PROJECT_ID = os.environ['PROJECT_ID']
VERSION_NAME = os.environ['VERSION_NAME']
MODEL_NAME = os.environ['MODEL_NAME']

# Define the format of your input data including unused columns (These are the columns from the census data files)
COLUMNS = (
    'age',
    'workclass',
    'fnlwgt',
    'education',
    'education-num',
    'marital-status',
    'occupation',
    'relationship',
    'race',
    'sex',
    'capital-gain',
    'capital-loss',
    'hours-per-week',
    'native-country',
    'income-level'
)

# Categorical columns are columns that need to be turned into a numerical value to be used by scikit-learn
CATEGORICAL_COLUMNS = (
    'workclass',
    'education',
    'marital-status',
    'occupation',
    'relationship',
    'race',
    'sex',
    'native-country'
)


# Load the training census dataset
with open('./census_data/adult.data', 'r') as train_data:
    raw_training_data = pd.read_csv(train_data, header=None, names=COLUMNS)

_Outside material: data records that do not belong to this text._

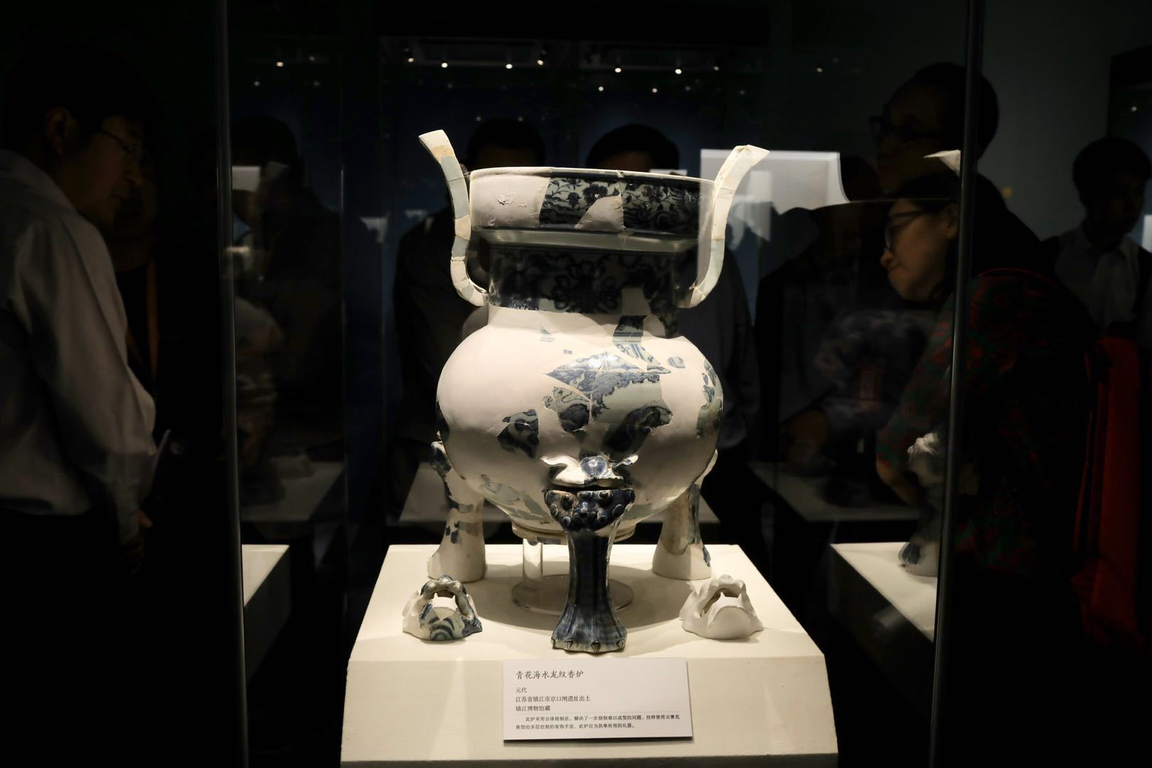镇江博物馆藏青花海水龙纹香炉。摄影/新京报记者 浦峰
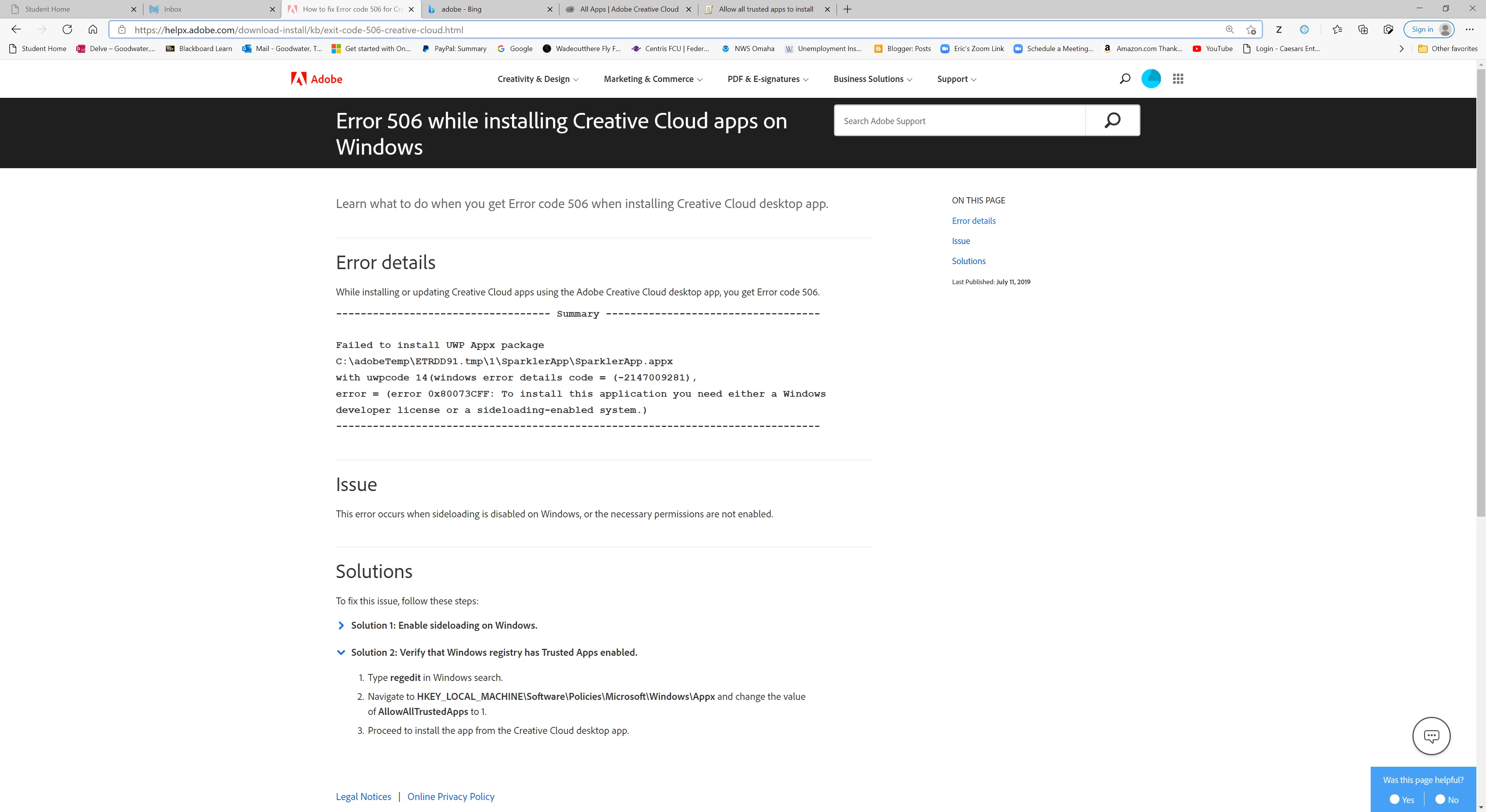 I am taking a college class and it requires me to download Adobe XD. My computer will not let me and I have tried solution 1 and I am not able to change any settings within that page.
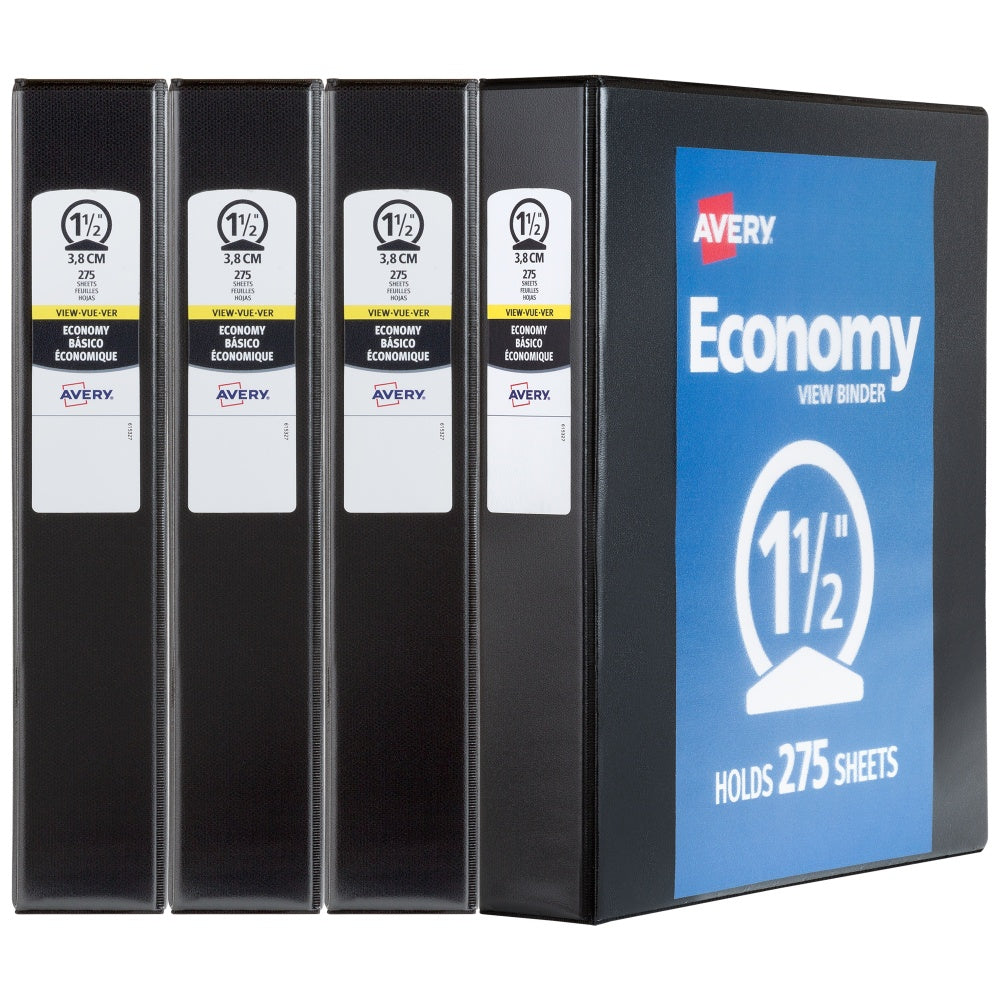 Avery Economy View 3 Ring Binders, 1-1/2in Round Rings, Black, Pack Of 4
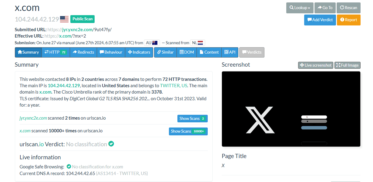 I noticed that when inputting these domains into URLSCAN I getting re-directed to websites such as X, Amazon and Walmart.
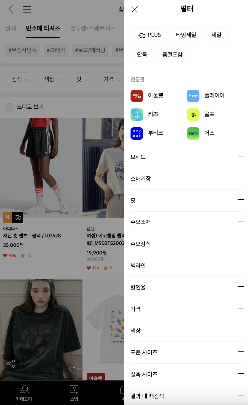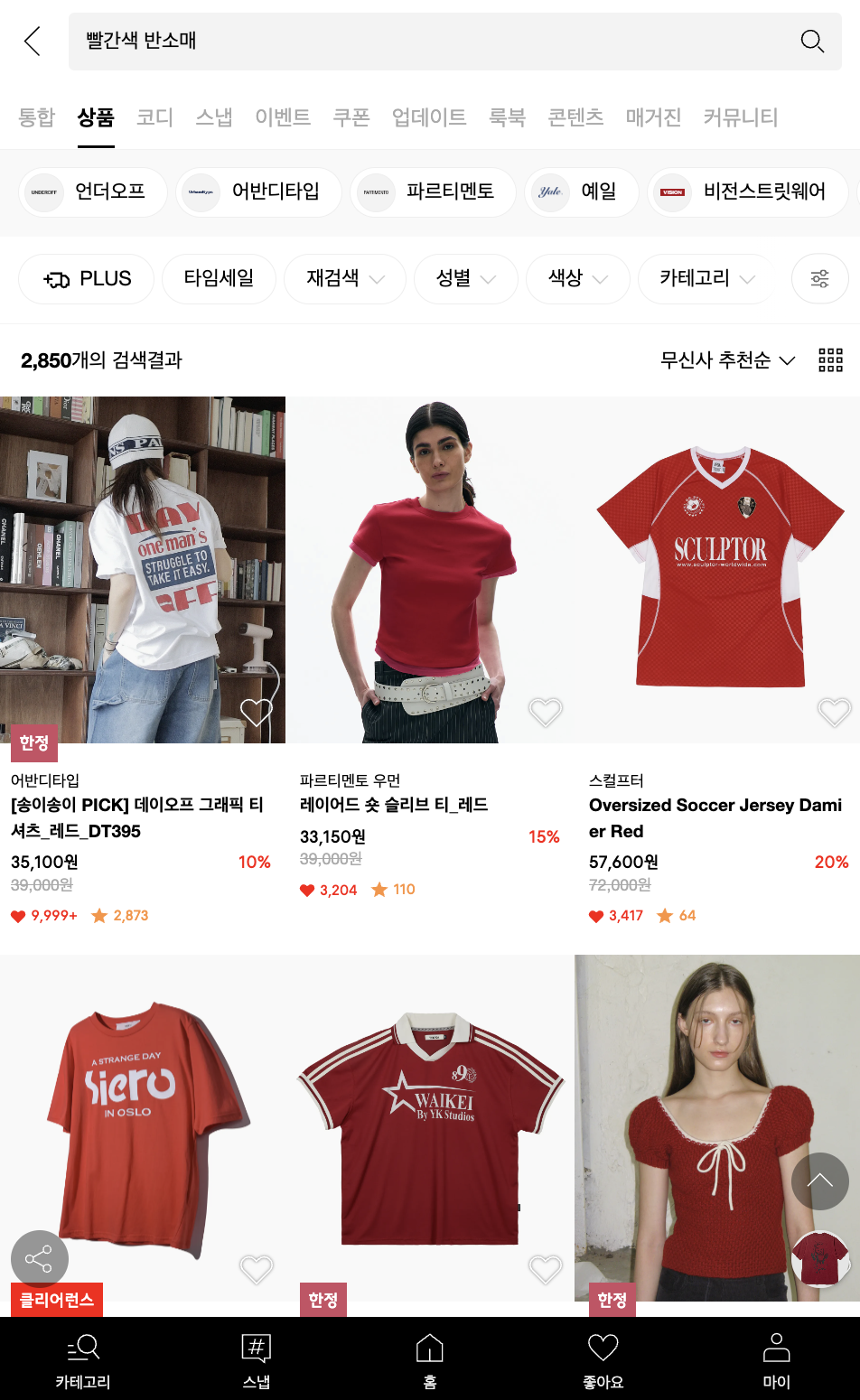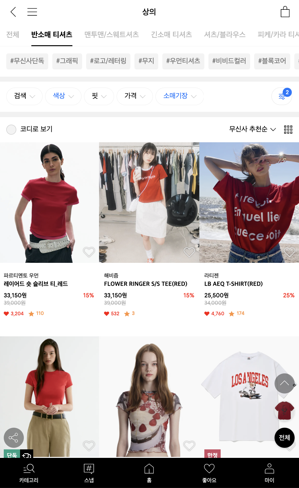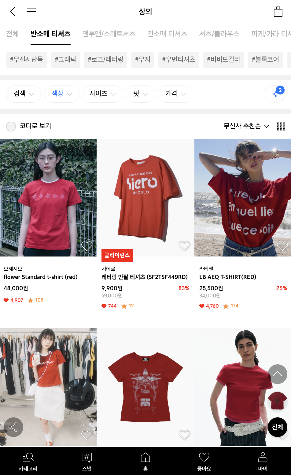 우선순위는 빨간색과 반소매가 오버사이즈보다 높았기 때문에 처음에는 빨간색 반소매로 검색했다.
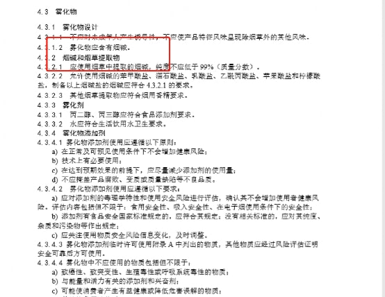 还谈及一些技术及要求等。如雾化区域温度不得高于350度;烟具不应出现漏液,雾化物中烟碱浓度不应高于20mg/g,烟碱总量不应高于200mg;还有重点的“一禁和一限”(即为禁烟具的自行注油、限口味)。
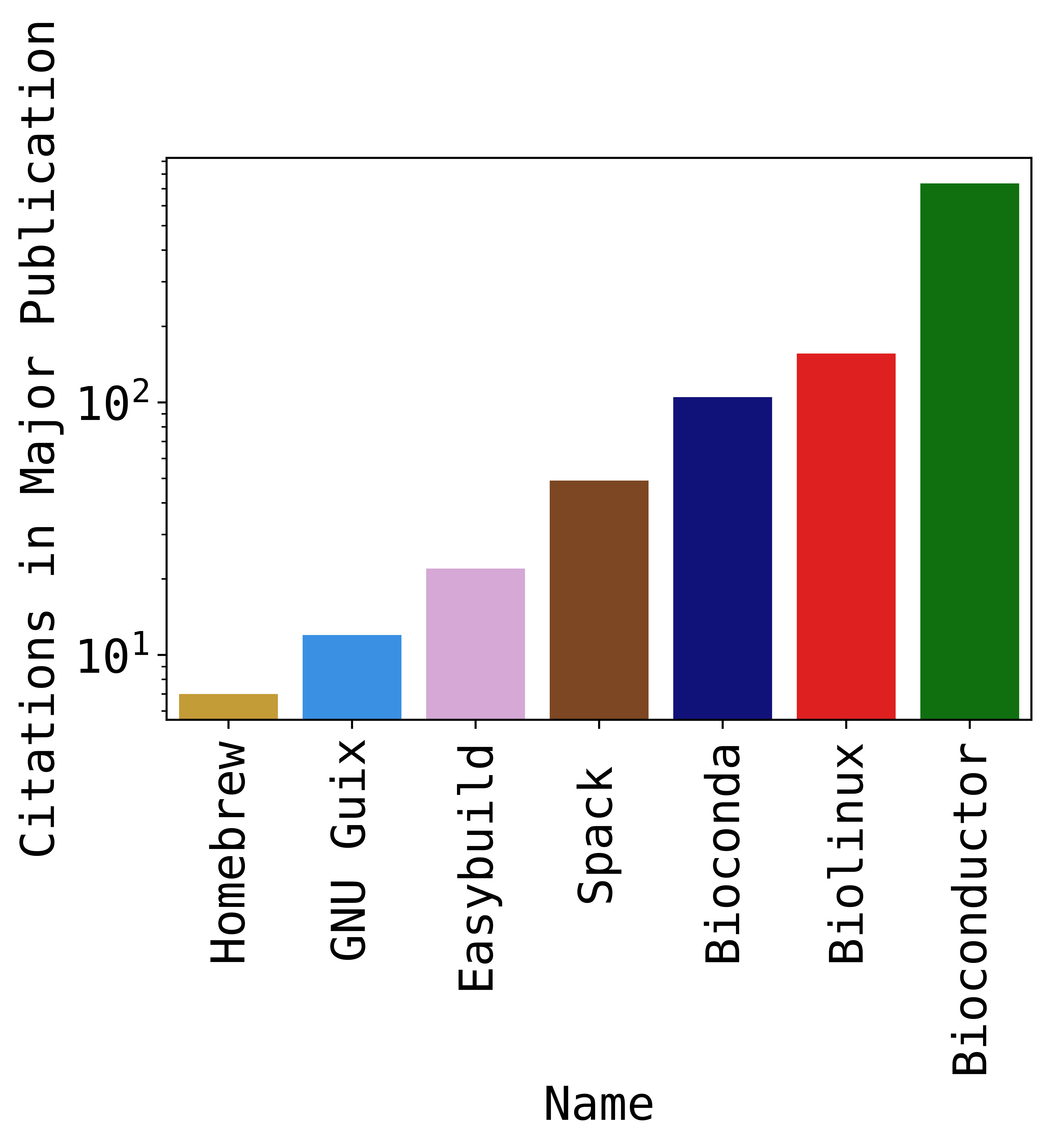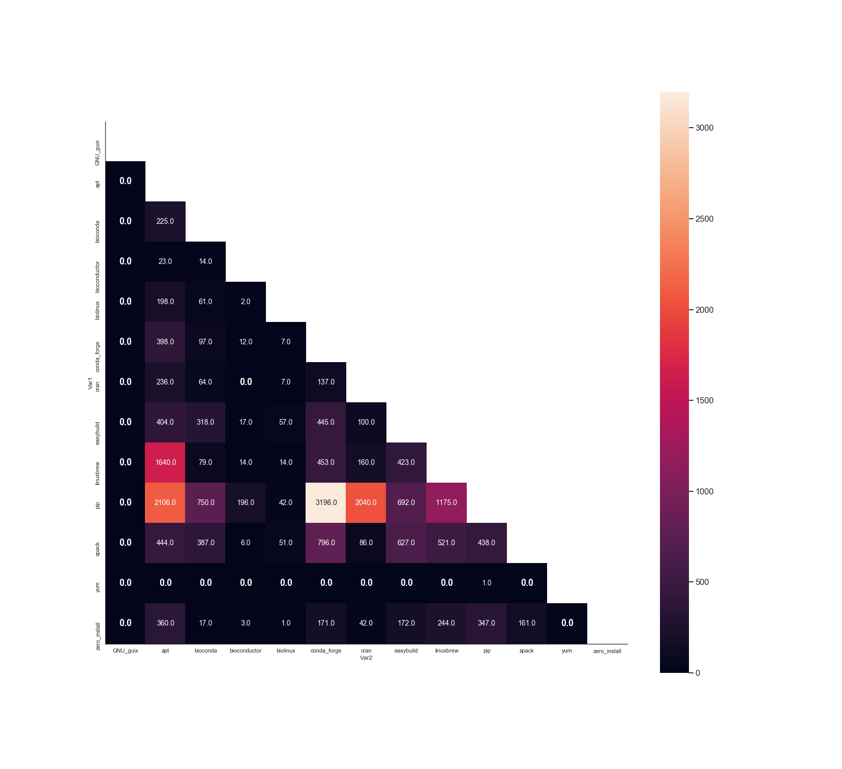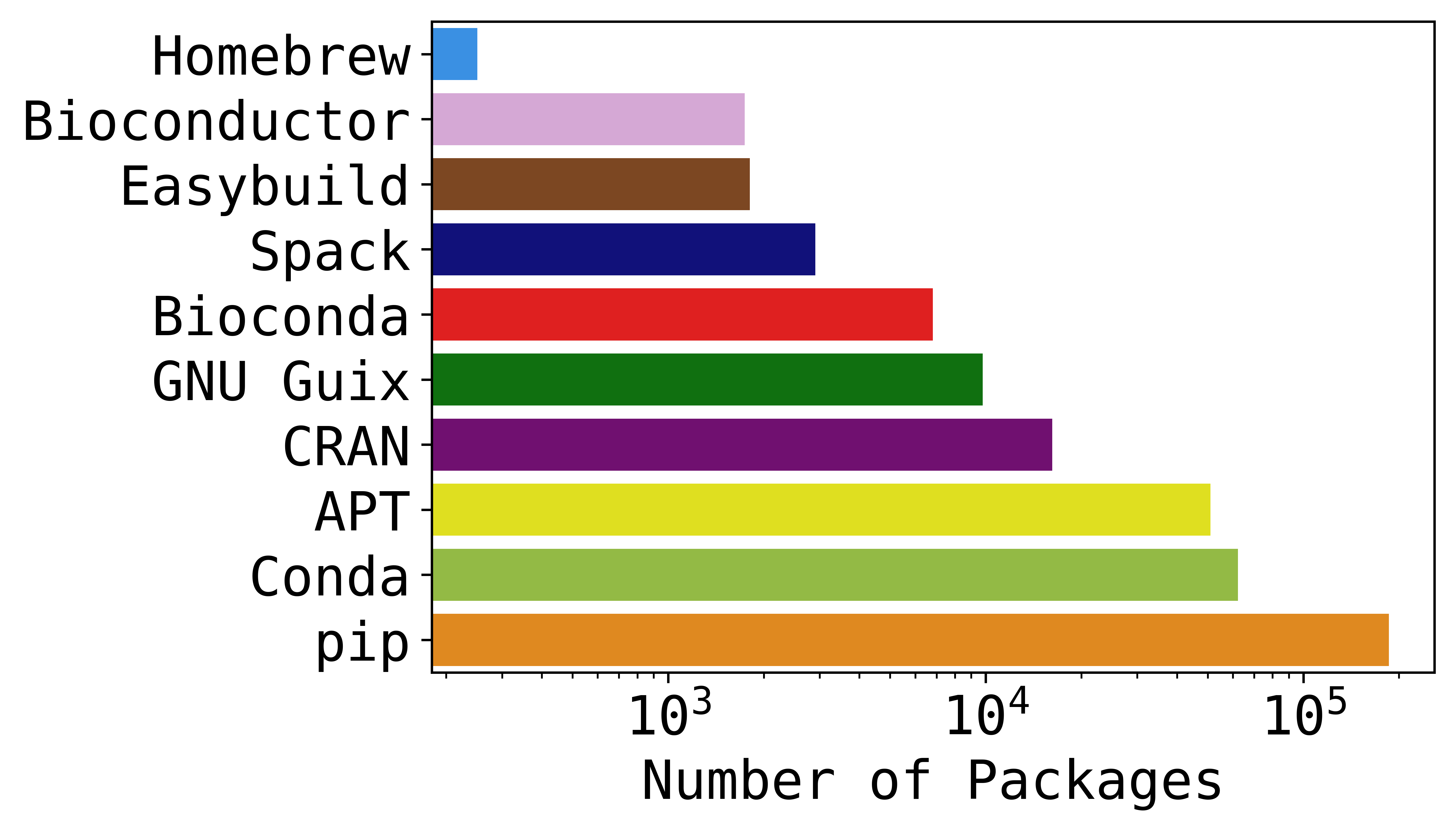 8 The initial list of all available sofware for each package manager was compiled by parsing its online repository with WebScraper 13/ (AppImage 14, Bioconda 15, Bioconductor 16, BioContainers [???], CRAN 17, Docker 18, EasyBuild 19, Flatpak 20, GNU Guix 21, omicX 22, pip 23, Singularity 24, Snap 25, Spack 26, Vagrant 27, and Zero Install 28) or by querying the package manager directly (APT, Biocontainers, Conda, Homebrew). Each list converted to a set with pandas 29/ and NumPy 30/, which removed all capitalization and duplicates. The number of entries in a package manager’s set was taken to be the total number of packages available for that package manager.

# Remove the column we are trying to predict ('income-level') from our features list
# Convert the Dataframe to a lists of lists
train_features = raw_training_data.drop('income-level', axis=1).as_matrix().tolist()
# Create our training labels list, convert the Dataframe to a lists of lists
train_labels = (raw_training_data['income-level'] == ' >50K').as_matrix().tolist()


# Load the test census dataset
with open('./census_data/adult.test', 'r') as test_data:
    raw_testing_data = pd.read_csv(test_data, names=COLUMNS, skiprows=1)
# Remove the column we are trying to predict ('income-level') from our features list
# Convert the Dataframe to a lists of lists
test_features = raw_testing_data.drop('income-level', axis=1).as_matrix().tolist()
# Create our training labels list, convert the Dataframe to a lists of lists
test_labels = (raw_testing_data['income-level'] == ' >50K.').as_matrix().tolist()
service = googleapiclient.discovery.build('ml', 'v1')
name = 'projects/{}/models/{}'.format(PROJECT_ID, MODEL_NAME)
name += '/versions/{}'.format(VERSION_NAME)

# Due to the size of the data, it needs to be split in 2
first_half = test_features[:int(len(test_features)/2)]
second_half = test_features[int(len(test_features)/2):]

complete_results = []
for data in [first_half, second_half]:
    responses = service.projects().predict(
        name=name,
        body={'instances': data}
    ).execute()

    if 'error' in responses:
        print(response['error'])
    else:
        complete_results.extend(responses['predictions'])

# Print the first 10 responses
for i, response in enumerate(complete_results[:10]):
    print('Prediction: {}\tLabel: {}'.format(response, test_labels[i]))

$ python test.py

My output:

Prediction: False       Label: False
Prediction: False       Label: False
Prediction: False       Label: True
Prediction: True        Label: True
Prediction: False       Label: False
Prediction: False       Label: False
Prediction: False       Label: False
Prediction: True        Label: True
Prediction: False       Label: False
Prediction: False       Label: False

How did your model perform? Most likely the predictions and the labels are the same, indicating that the trained model performed well.